Dear Remus,
Hi! It's Sarah Forsythe. I don't know if you remember me -
I stopped writing abruptly and wadded up the letter in frustration. With a flick of my wrist, it joined the three previous attempts in the wastebasket. I yanked my reading glasses off, closed my eyes and ran my fingers through my hair in an effort to stave off my rising irritation. Damn! Why is writing a simple letter so difficult?
Perhaps it was that I hadn't spoken to the recipient in twenty-five years. It was hard to imagine what he might be like now, not having heard from him in so long. Maybe his accidently gifting me with lycanthropy played a role in; not easy to forget something like that. It put a whole new spin on the phrase "that time of the month". Or it could also have been that letter Hogwarts sent years ago, informing me in no uncertain terms that our Muggle-wizard friendship was unsuitable. Without a question of a doubt, though, the difficulty in organizing my thoughts on paper had nothing to do with the fact that Remus Lupin was the first boy I had ever kissed.
I slammed the door shut on that particular memory. Getting caught up in that part of the past was not going to help my present situation. I opened my eyes and decided I had to get out of the room. It felt too confining and I always thought better when I was moving; jogging preferably, but I hadn't brought any workout clothes. A walk was definitely in order.
Downstairs I asked the bartender if someone could open the door to Diagon Alley for me. Being a werewolf who was also a Mundane, or Muggle as they liked to call us here, had its distinct disadvantages.

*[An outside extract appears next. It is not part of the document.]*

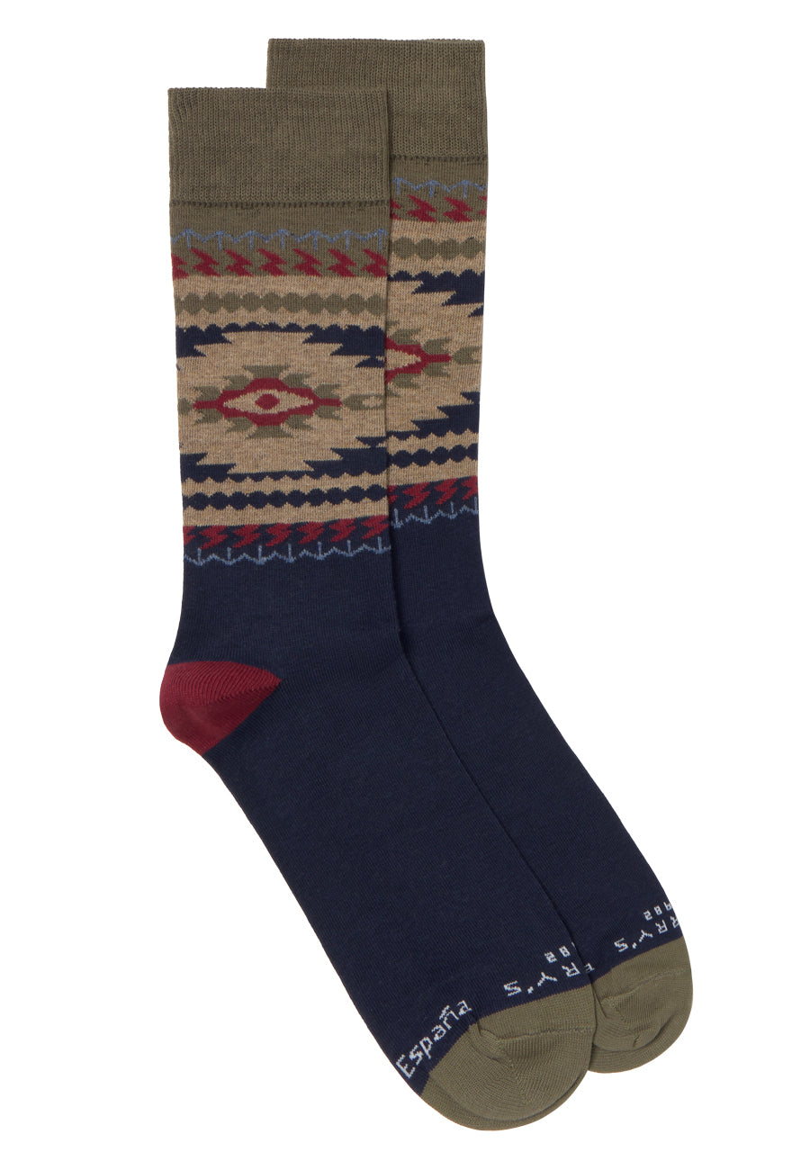 Pocas cosas elevarán tanto tu look como estos calcetines. La tonalidad oscura del marino de fondo resalta los alegres colores del diseño. Completa tus looks con estos calcetines originales. ¡No te quedes sin ellos!

Although I was touched by magic, I could perform none myself. It made for awkward situations, like just walking into the Leaky Cauldron. Everyone stared, not knowing quite what to do: ignore the Muggle woman in their midst and hope she'd go away on her own or make up a story to convince me that I what I had really intended was to visit the neighboring bookstore and get me out of the wizarding establishment as soon as humanly possible. By turns I found the reactions amusing or downright annoying. It wasn't as if we were a completely different species; Muggles just lacked the necessary inherited trait to perform magic.

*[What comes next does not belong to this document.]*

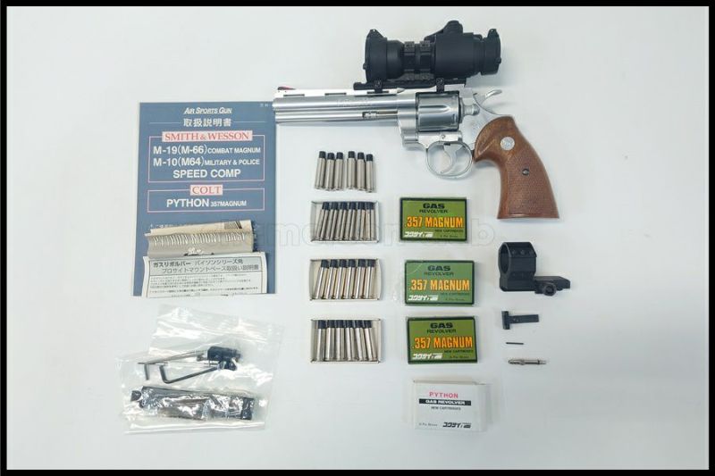 - コクサイコルトパイソン357 6インチ シルバー ガスリボルバー 付属品多数 現状品

It was that trait that I could thank for being able to contract lycanthropy in the first place. What opened the door to magic also left one exposed to other things: enhanced intuition, unusual luck, receptiveness to glimpsing odd things from the corner of one's eyes, and vulnerability to mysterious illnesses, just to name a few. It could skip a few generations, but when you came right down to it one was either born with the trait or not. That meant somewhere in my family tree was a witch or a wizard. After more than ten years of searching, I've yet to found out who it was; I've been thinking lately it might be hidden in the bit of Cheyenne blood I carried.
Needless to say, Muggle werewolves were rare, exceedingly so. To survive the attack of a werewolf was a daunting enough task. Most don't live due to simple blood loss and severity of injuries. For those unfortunate few like me that both survived and ended up infected, it usually took years of lycanthropy simmering in the blood to fully take hold. There was an upside, as impossibly crazy as it might sound that lycanthropy would have any sort of silver lining. It had cured my fibromyalgia, something I had struggled with since childhood.
Not that anyone here knew I bore the curse. If they did, I probably would be kicked out of the Leaky Cauldron. Werewolves were treated like social pariah in England, unlike back home in America. I was simply a wizard-friend as far as the customers here knew, which was uncommon enough in and of itself.
A Muggle that knew about the magical world and that could be trusted was sometimes given the opportunity to become a wizard-friend. The majority of the time Muggles exposed to the world of magic simply had their memories Oblivated. It was far easier and safer that way. However, there were occasions that a Muggle's memory was not tampered with. Muggle spouses, non-magical siblings and stepsiblings were examples of common situations where memories went unaltered. A stern warning to remain silent typically was good enough.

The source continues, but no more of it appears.